Kto nie ma takiego za płotem co całymi popołudniami i wieczorami od wiosny do jesieni tnie drzewo,albo coś wierci szlifuje,hałasuje non stop,to będzie pisał,jacy to są be Ci,co się skarżą.
Ja mam takiego uciążliwego sąsiada.
I żeby była jasność to nie przeszkadza mi,że ktoś coś robi u siebie na podwórku, może porżnać drzewo,coś szlifować,skosić trawę itp.
Ale buractwo to Ci,co robią to non stop popołudniami i wieczorami ,bo uwazają że u siebie wszystko mogą.
A reszta z domu nie może wyjść i odpocząć.

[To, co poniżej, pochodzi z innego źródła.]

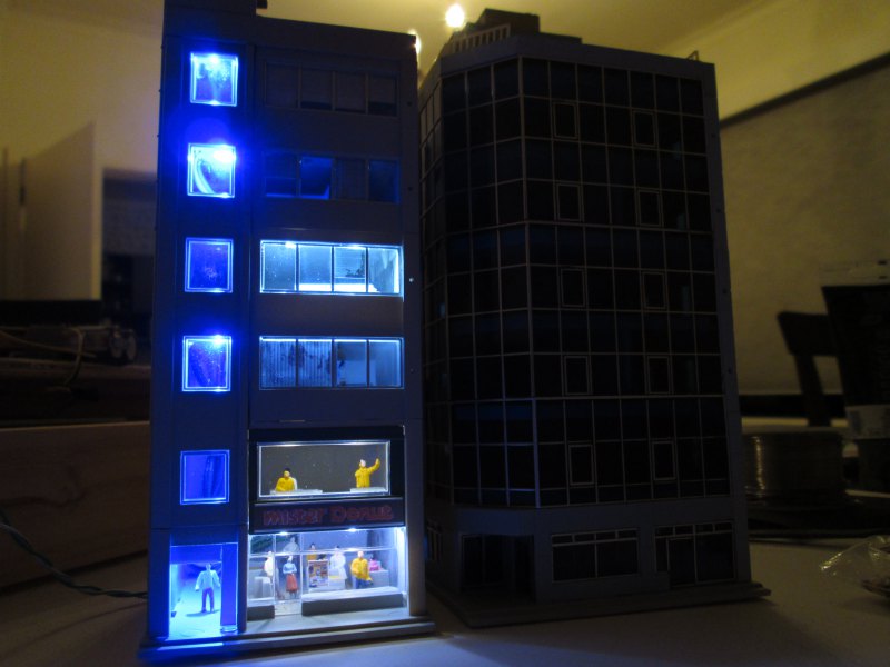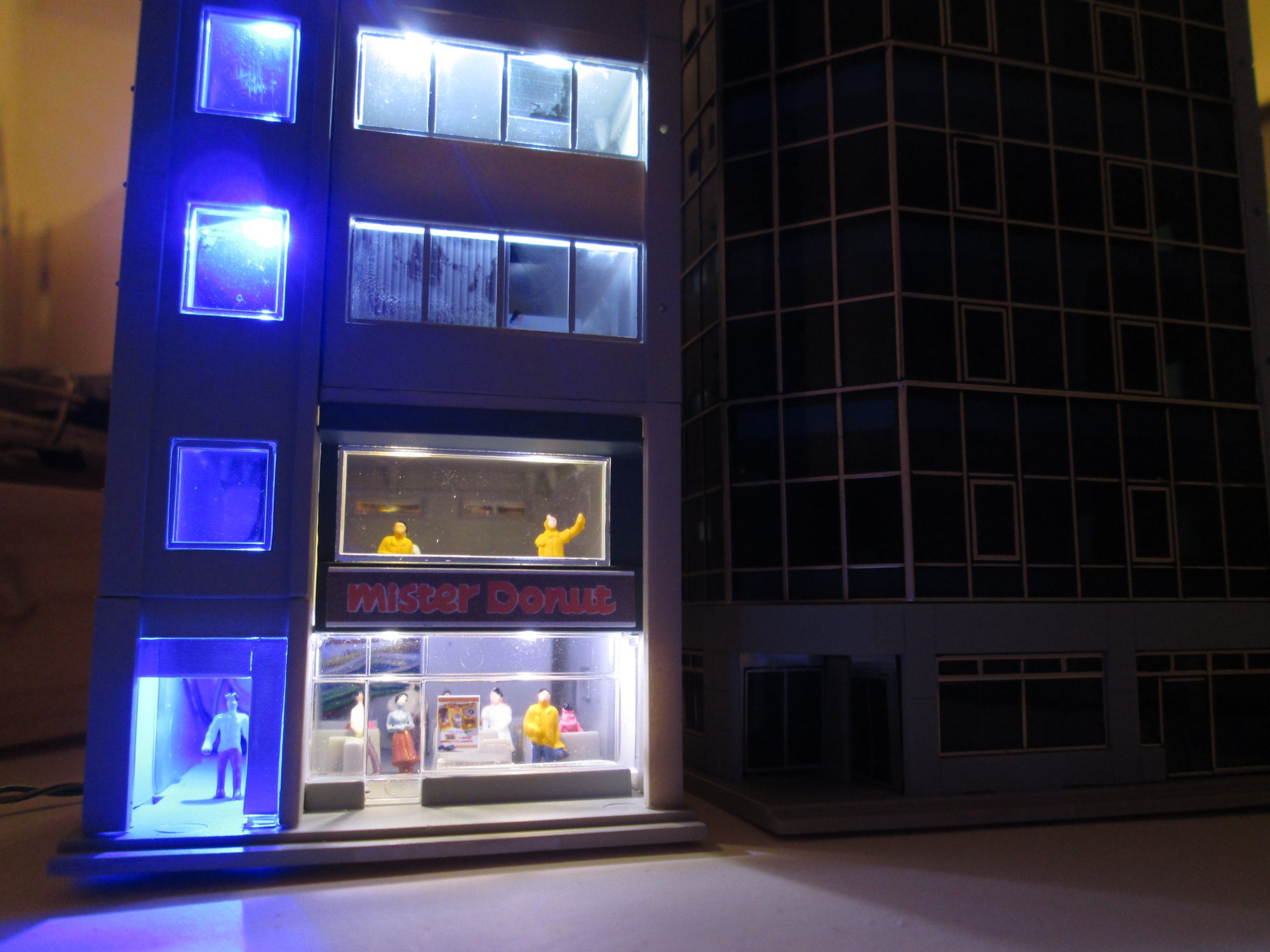 I quite like the finished result, but I think some fine tuning of the lights will be required. Some of the lights are too bright, and some of the blue ones need toning down. I would also like to see if I can make the Mister Donut sign illuminated. However for a first attempt I think it works pretty well, and will be adding lighting to the rest of my buildings too now. The difference compared to the unlit building on the right is impressive!

Mój sąsiad kupił ostatnio zrębkownicę ,zwozi stosy gałęzi i Napier...La tak,że w domu słychać,też ktoś powie że jestem burakiem,?
Zapraszam na tydzień do siebie, zobaczymy jak się wizyta spodoba...

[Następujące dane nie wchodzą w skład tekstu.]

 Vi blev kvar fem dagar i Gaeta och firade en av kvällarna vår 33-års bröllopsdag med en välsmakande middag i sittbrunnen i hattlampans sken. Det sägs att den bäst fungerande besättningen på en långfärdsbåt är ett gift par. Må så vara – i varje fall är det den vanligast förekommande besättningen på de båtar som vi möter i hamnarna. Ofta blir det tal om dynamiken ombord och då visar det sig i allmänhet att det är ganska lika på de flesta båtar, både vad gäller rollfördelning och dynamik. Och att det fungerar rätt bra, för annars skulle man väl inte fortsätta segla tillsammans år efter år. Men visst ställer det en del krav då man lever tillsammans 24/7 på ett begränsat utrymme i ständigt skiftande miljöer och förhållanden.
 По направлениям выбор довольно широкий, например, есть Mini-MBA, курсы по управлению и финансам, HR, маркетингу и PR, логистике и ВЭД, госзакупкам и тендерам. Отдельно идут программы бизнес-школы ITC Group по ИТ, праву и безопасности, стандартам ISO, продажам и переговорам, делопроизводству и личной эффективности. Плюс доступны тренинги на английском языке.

Kto nie ma takiego za płotem co całymi popołudniami i wieczorami od wiosny do jesieni tnie drzewo,albo coś wierci szlifuje,hałasuje non stop,to będzie pisał,jacy to są be Ci,co się skarżą.
Ja mam takiego uciążliwego sąsiada.
I żeby była jasność to nie przeszkadza mi,że ktoś coś robi u siebie na podwórku, może porżnać drzewo,coś szlifować,skosić trawę itp.
Ale buractwo to Ci,co robią to non stop popołudniami i wieczorami ,bo uwazają że u siebie wszystko mogą.
A reszta z domu nie może wyjść i odpocząć.
Mój sąsiad kupił ostatnio zrębkownicę ,zwozi stosy gałęzi i Napier...La tak,że w domu słychać,też ktoś powie że jestem burakiem,?
Zapraszam na tydzień do siebie, zobaczymy jak się wizyta spodoba...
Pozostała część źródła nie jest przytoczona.